To: dodds@xxxxxxxxxxxxxxx, "[ontolog-forum]" <ontolog-forum@xxxxxxxxxxxxxxxx>
From: Patrick Durusau <patrick@xxxxxxxxxxx>
Date: Fri, 12 Jan 2007 11:30:52 -0500
Message-id: <45A7B7BC.1040206@xxxxxxxxxxx>
Ed,    (01)

Ed Dodds wrote:    (02)

>Ontolog Journal maybe? Saw this http://pkp.sfu.ca/?q=ojs
>
>
>  
>
>>>since June??
>>>      
>>>
>that's an eternity in internet time. I feel compelled to make an open
>criticism of how the journal reviews business sadly can sometimes slow
>down and hinders scientific progress, rather than promoting it (making
>the case for an open research group I guess)
>
>  
>
Well, yes and no. I am sure part of the problem is that most reviewers 
are working as volunteers, that may not be the case with some of the 
$10,000/year medical journals, but it has been my experience in the 
humanities.    (03)

I don't think it is anyone's intention to slow down progress but 
reviewing articles for a journal is one task among many, all of which 
are competing for attention.    (04)

Personally I favor a system of "open peer review" which is what actually 
happens if you want the citation of literature over time. There are some 
articles that are cited 10, 15, or even 20 years after publication, but 
the number of those is vanishingly small. The same is true for 
monographs. So much for publishers and peer review insuring publication 
of significant research.    (05)

By "open peer review" I mean a system where I could decide to follow any 
articles that Peter Yim marks as "must read" as ones that I want to 
read. Which would mean more to me than an article appearing in a journal 
that was reviewed by someone undisclosed or unknown to me.    (06)

We all do this now by forwarding each other pointers to specific 
articles and what I am suggesting simply makes it a bit more regularized.    (07)

You can do this with CiteSeer to some degree by looking at the citation 
history of articles. If it is more than a year old and has no (or few) 
citations, it is very likely a real dog.    (08)

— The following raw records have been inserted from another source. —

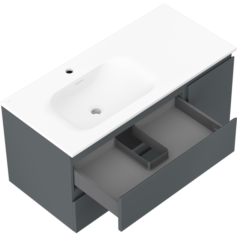 Koupelnová skříňka Mexen Orio 100 cm s levým umyvadlem Vela, 2S, 1D, matný grafit/matná bílá - 91A13-10047-3-BBFFF66-W23L01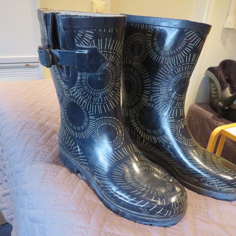 Hyväkuntoiset kumisaappaat. Jääneet vähälle käytölle. Varsissa hieman tummumaa kuran jäljiltä.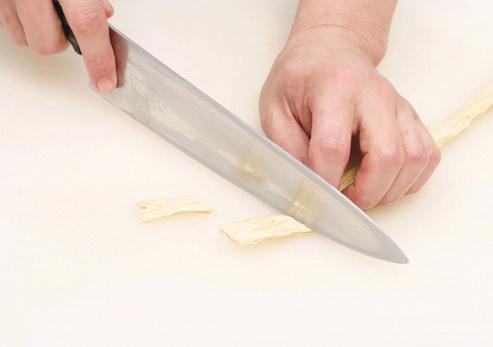 1 将干豆腐切成1厘米宽、5厘米长的小条。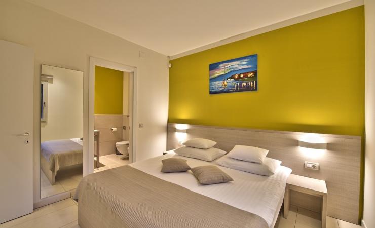 Štandardná izba (30 m², pre max. 2 osoby, balkón alebo terasa, morská strana) • Izba Superior (30 m², pre max. 3 osoby, prístelka formou rozkladacej pohovky, balkón alebo terasa, morská strana za doplatok) • Rodinná izba (30 – 38 m², pre max. 3 osoby, morská strana, prístelka je formou pevného lôžka)

Perhaps as part of the Ontolog community a system could be setup for 
people to enter articles (with access pointers) that others can rate as 
they read them. If that could be done so that I could choose what rating 
qualifies something as something that I would like to read or to enable 
me to follow the recommendations of a particular individual, that would 
be really useful. We have the technology to do all aspects of this now. 
I guess we simply need the will to implement it.    (09)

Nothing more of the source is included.